Wherein the sludge storage tank 1 before filtration is used for storing sludge to be filtered; the screw conveyor 2 is used for conveying sludge to be filtered; the batch filter pressing unit 3 is used for performing batch filter treatment on the sludge to be filtered, wherein the sludge to be filtered conveyed by the screw conveyor 2 is temporarily stored in each batch filter treatment process, compressed gas is injected when the temporary storage amount of the sludge to be filtered reaches a filter threshold value, and the temporarily stored sludge to be filtered is filtered by utilizing the pressure action generated by the compressed gas.

Wherein, the compressed gas can be compressed air or generated gas in the process; the sludge storage tank 1, the screw conveyor 2 and the batch filter pressing unit 3 are connected in sequence before filtration.

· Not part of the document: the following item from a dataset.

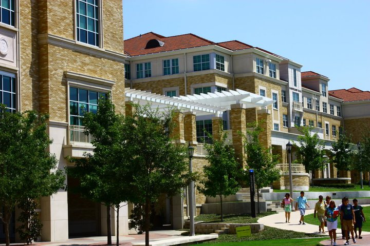 TCU Dorms

It can be understood that the sludge to be treated can be injected in batches, and the compressed gas is injected in batches to filter the sludge to be treated in batches, so that the sludge treatment system has the characteristics of excellent filtering effect, better system stability and reliability and obvious energy-saving effect.

In the embodiment of the present application, the connection manner between the screw conveyor 2 and the sludge storage tank 1 before filtration may be specifically set according to practical situations, which is not particularly limited.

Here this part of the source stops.